Highly successful in his field, his outstanding chemical engineering for Project Apollo was only part of excellence in membrane research.

Li has devoted himself into the membrane and separation technologies and made great contributions in this field.

In 2000, he was awarded the Perkin Medal by the Society of Chemical Industry, the highest chemical engineering award available to scientists in the US. He is the only Chinese-American to have been so honored since the award began in 1906.

Li was elected the US National Academy of Engineering in 1990.

Despite his great success in the US, Li felt obligated to return to China to contribute to science in his motherland.

To honor his contribution to China's scientific development, Li was given the International Science and Technology Cooperation Award on Jan 9 by the Chinese government, its highest award to foreign scientists and organizations.

"I read books when I was a kid and learned how China was bullied because it was weak then. ... My father, as a patriot, also inspired me to love my roots," Li said.

" I have been in close cooperation and had extensive professional exchanges with China for over 30 years, and will certainly continue doing so in my lifetime in the hope to continue to make my contribution to China's scientific and sustainable technology development."

Li first returned to the Chinese mainland in 1982, when he began close cooperation with China in resource utilization, energy and environmental industries.

He chairs the advisory board of the National Institute of Clean and Low Carbon Energy, under the Shenhua Group Corp Ltd, China's biggest coal company.

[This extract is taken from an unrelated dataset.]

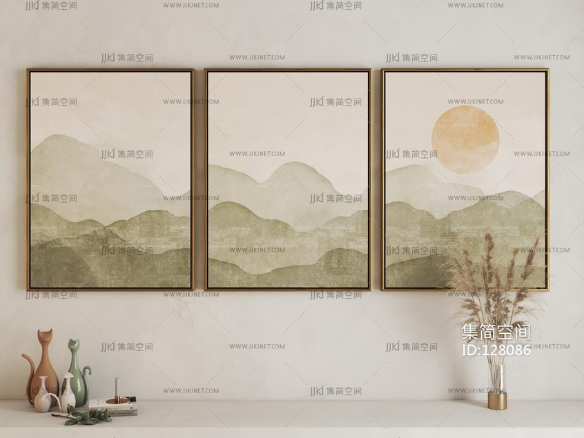 北欧日月群山艺术挂画 3d模型下载 [模型ID:128086]

Li and his wife, a statistics and management expert, introduced an advanced quality management system, Six-Sigma, to NICE, which leads more than 40 research projects, 300 patent applications and other significant innovation in relevant areas.

President Xi Jinping has emphasized that "the direction of technological development in China is innovation, innovation and innovation," Li said, adding that China has made unprecedented progress in science and technological development, and has made remarkable achievements in recent years through the strong support of the Chinese government.

"Six-Sigma is a scientific methodology to encourage and in fact increase innovation," Li said.

He is now helping China to prepare for the Eighth Sino-US Conference on Chemical Engineering in 2015 in Shanghai.

"My current plan is to continue cooperation (with China) in the high-tech fields such as water resource, clean energy, environmental protection, and membrane technology," he said.